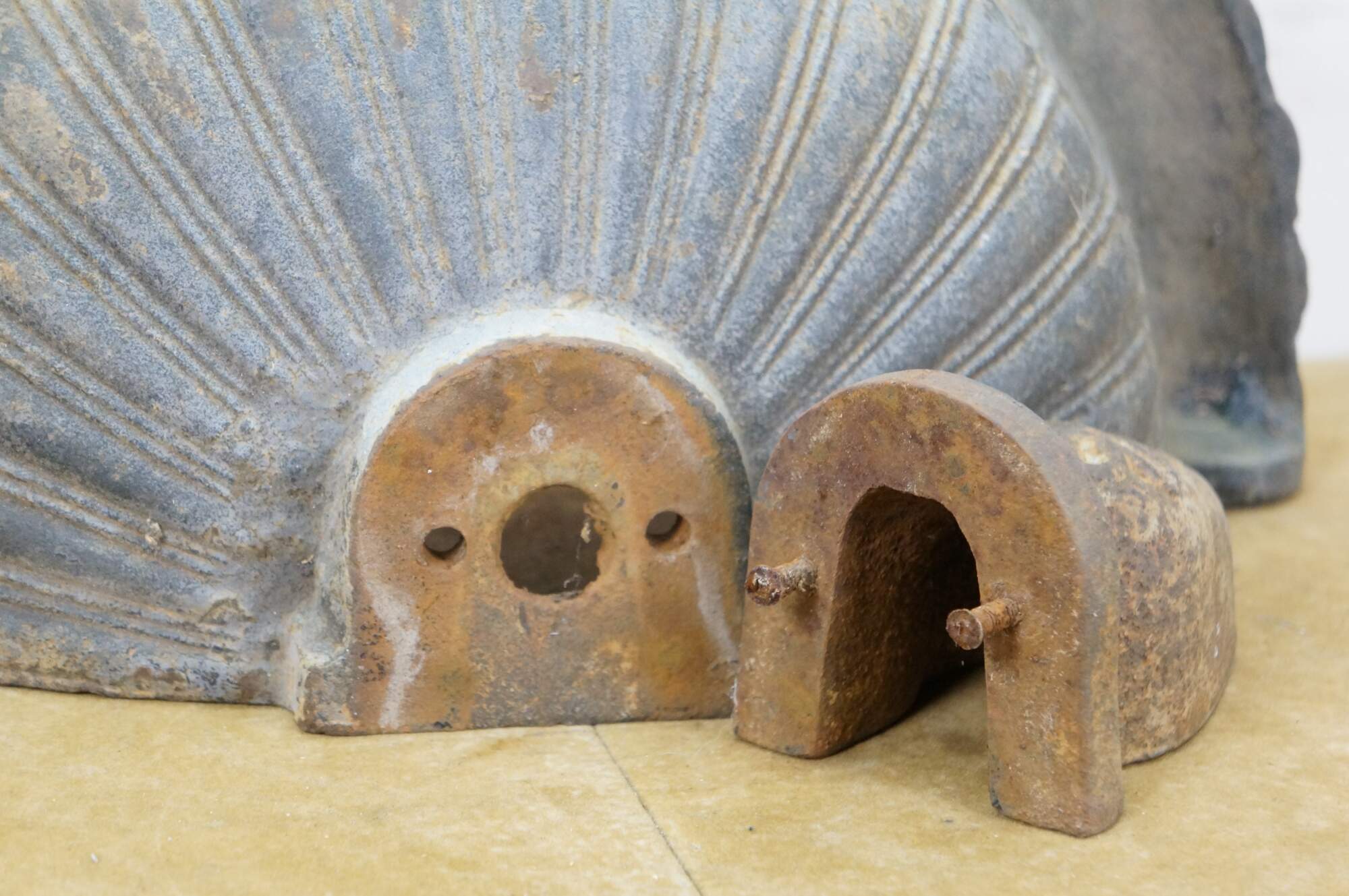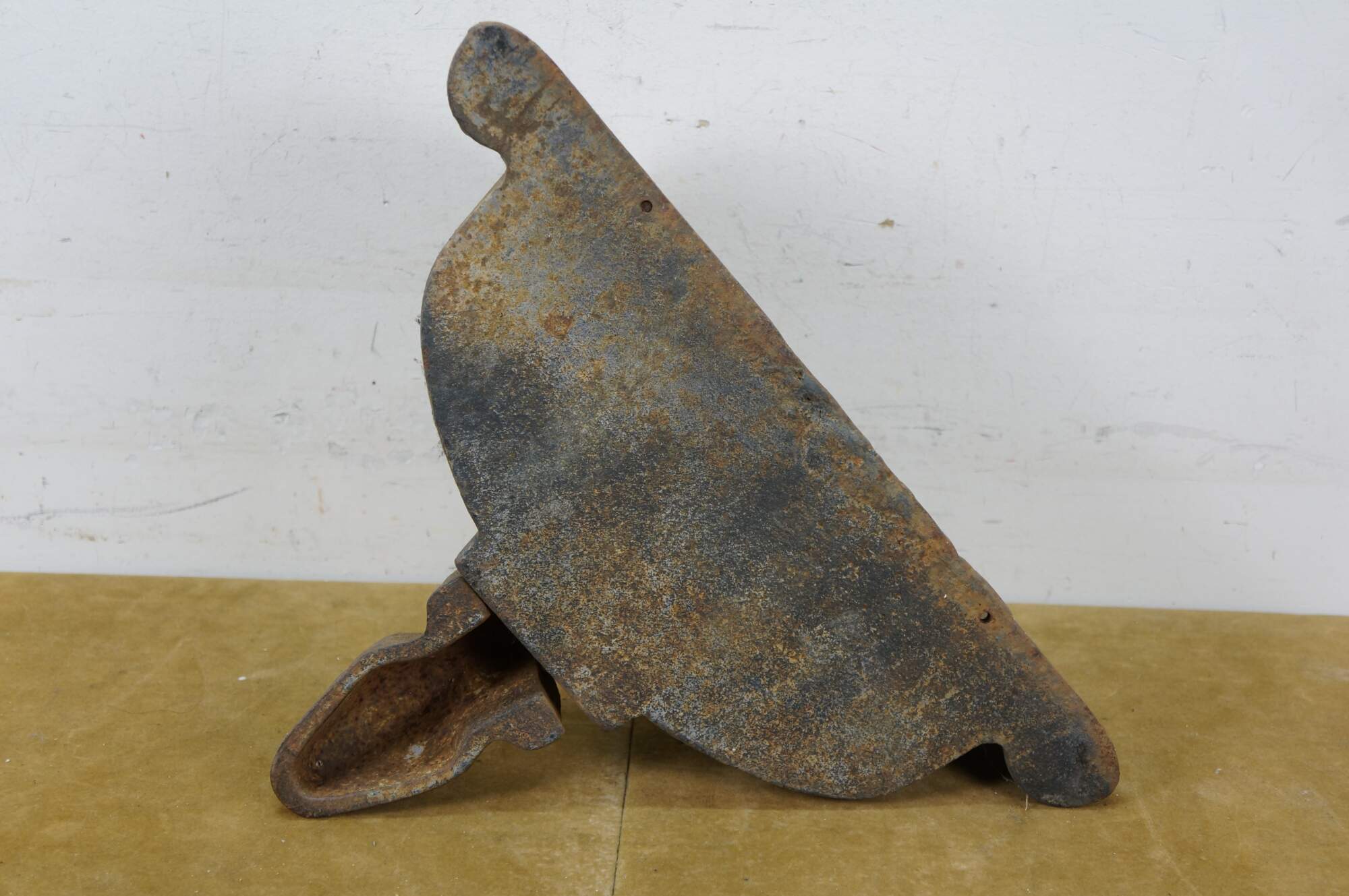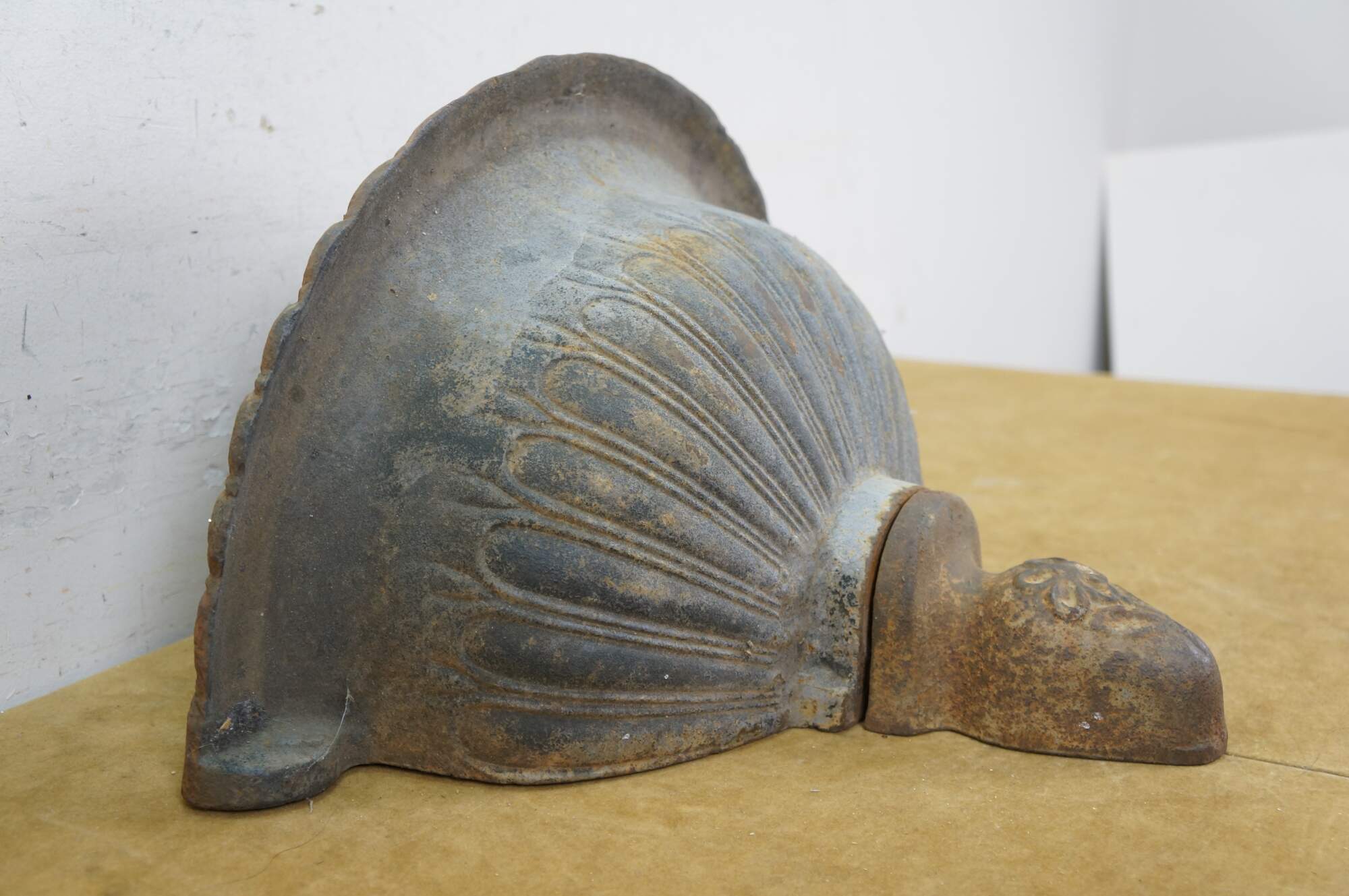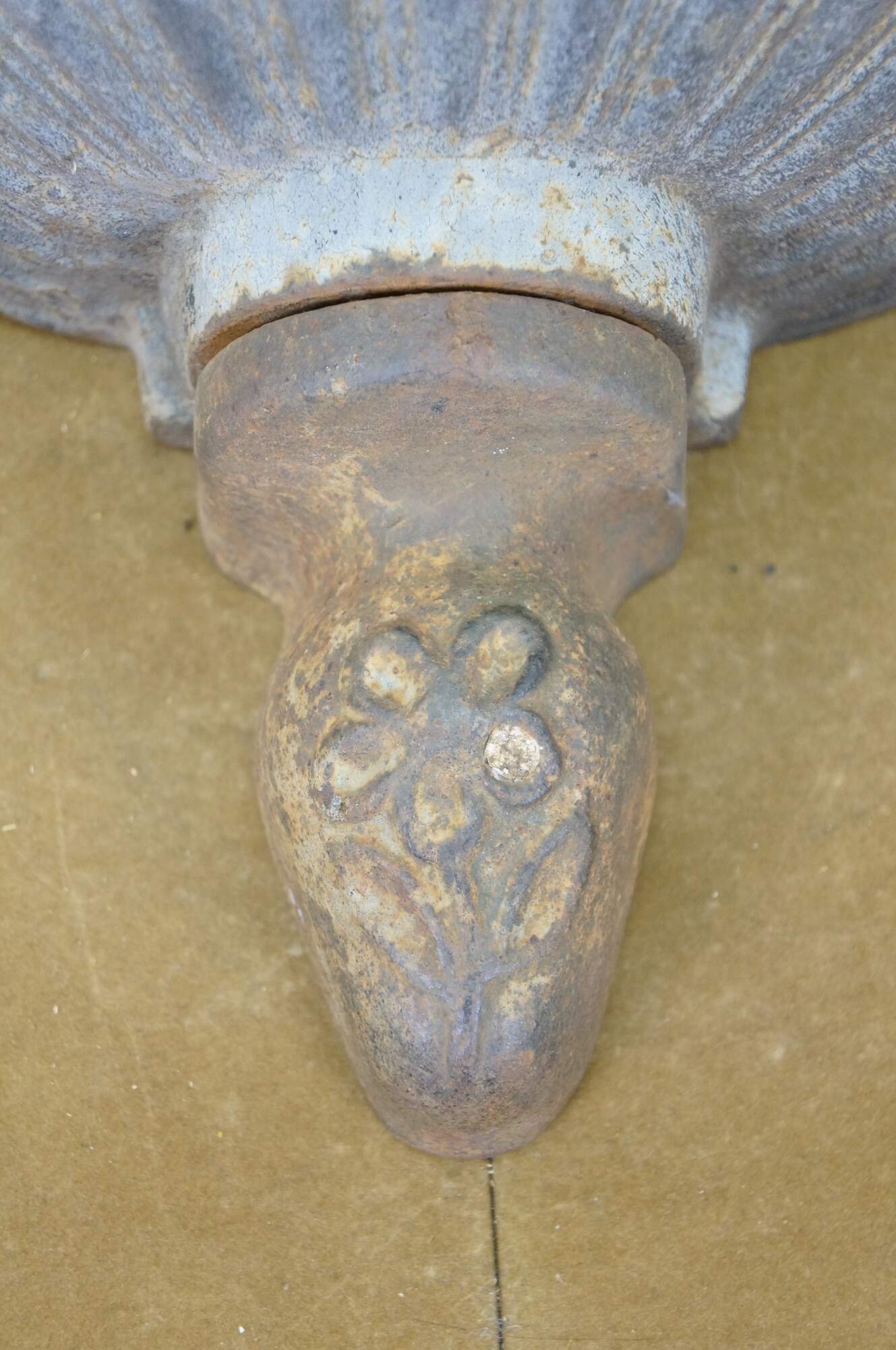 Vintage cast iron wall hanging fountain bowl / planter / garden urn. Demilune / half round shape with fluted Neoclassical styling and a flower on the drop finial.
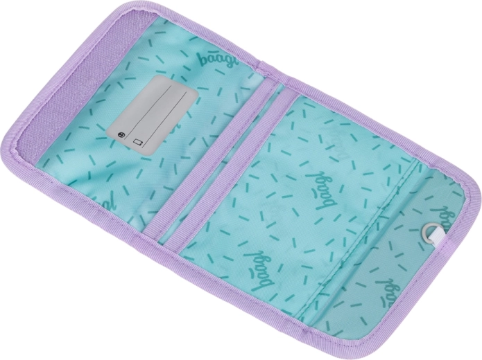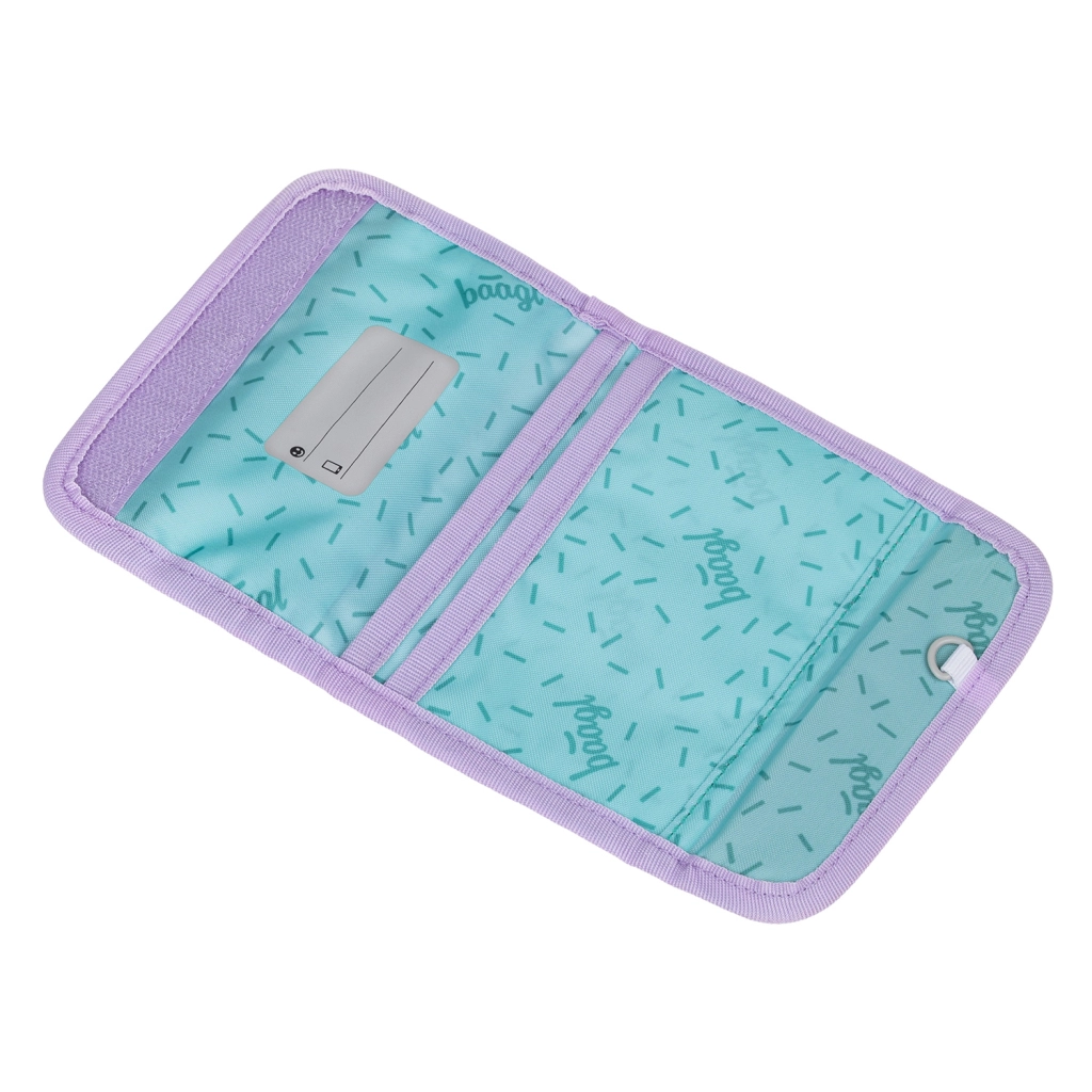 Praktična denarnica BAAGL Lavender je idealna za otroke za v šolo in prosti čas. Zaradi nošenja okoli vratu imajo otroci vse pomembno vedno pri roki in na varnem. Notranja razporeditev s pregradami za kartice in imenovko pomaga ohranjati red, medtem ko sprednji žep na zadrgo hrani kovance in drobnarije.
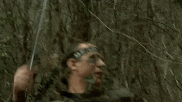 Weapons: Machete (7X), sleeping bag over fire, bow ‘n arrow, screwdriver, axe, impaled on, deer antlers, fireplace poker
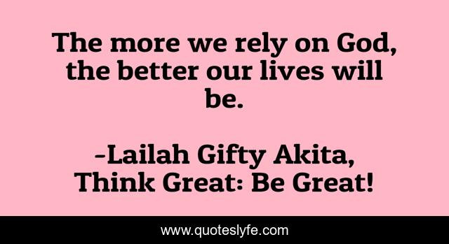 "Lailah Gifty Akita, Think Great: Be Great! Quotes." Quoteslyfe.com, 2025. Mon. 08 Dec. 2025. <https://www.quoteslyfe.com/quote/The-more-we-rely-on-God-the-121349>.
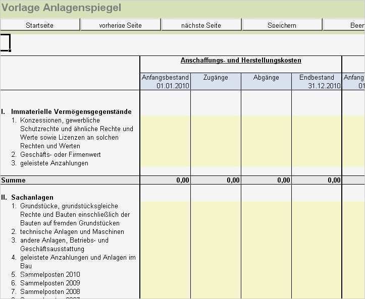 Einzigartig Anlagenspiegel Excel Vorlage
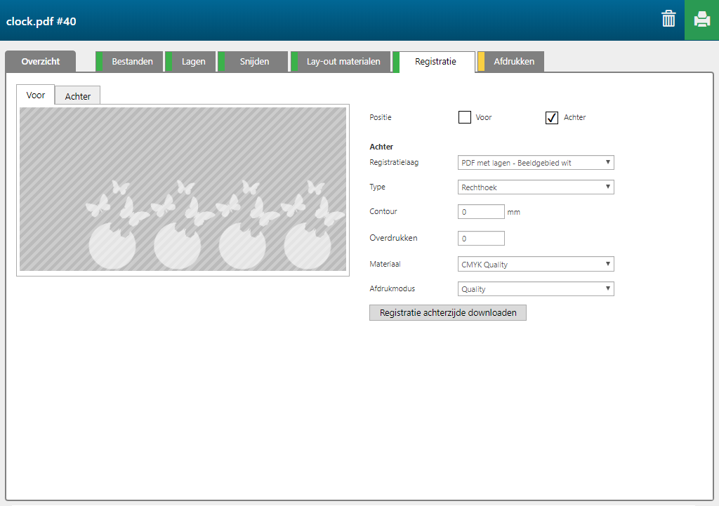 Klik op de knop [Registratie achterzijde downloaden] om een registratie-PDF te downloaden. Op basis van de registratie-PDF kunt u een mal maken. |

------------------------------------

» YOUR ASSIGNMENT:
Leave the images aside and transcribe all entries exactly.

» RESPONSE TO THIS TASK:
 Vintage cast iron wall hanging fountain bowl / planter / garden urn. Demilune / half round shape with fluted Neoclassical styling and a flower on the drop finial.
 Praktična denarnica BAAGL Lavender je idealna za otroke za v šolo in prosti čas. Zaradi nošenja okoli vratu imajo otroci vse pomembno vedno pri roki in na varnem. Notranja razporeditev s pregradami za kartice in imenovko pomaga ohranjati red, medtem ko sprednji žep na zadrgo hrani kovance in drobnarije.
 Weapons: Machete (7X), sleeping bag over fire, bow ‘n arrow, screwdriver, axe, impaled on, deer antlers, fireplace poker
 "Lailah Gifty Akita, Think Great: Be Great! Quotes." Quoteslyfe.com, 2025. Mon. 08 Dec. 2025. <https://www.quoteslyfe.com/quote/The-more-we-rely-on-God-the-121349>.
 Einzigartig Anlagenspiegel Excel Vorlage
 Klik op de knop [Registratie achterzijde downloaden] om een registratie-PDF te downloaden. Op basis van de registratie-PDF kunt u een mal maken. |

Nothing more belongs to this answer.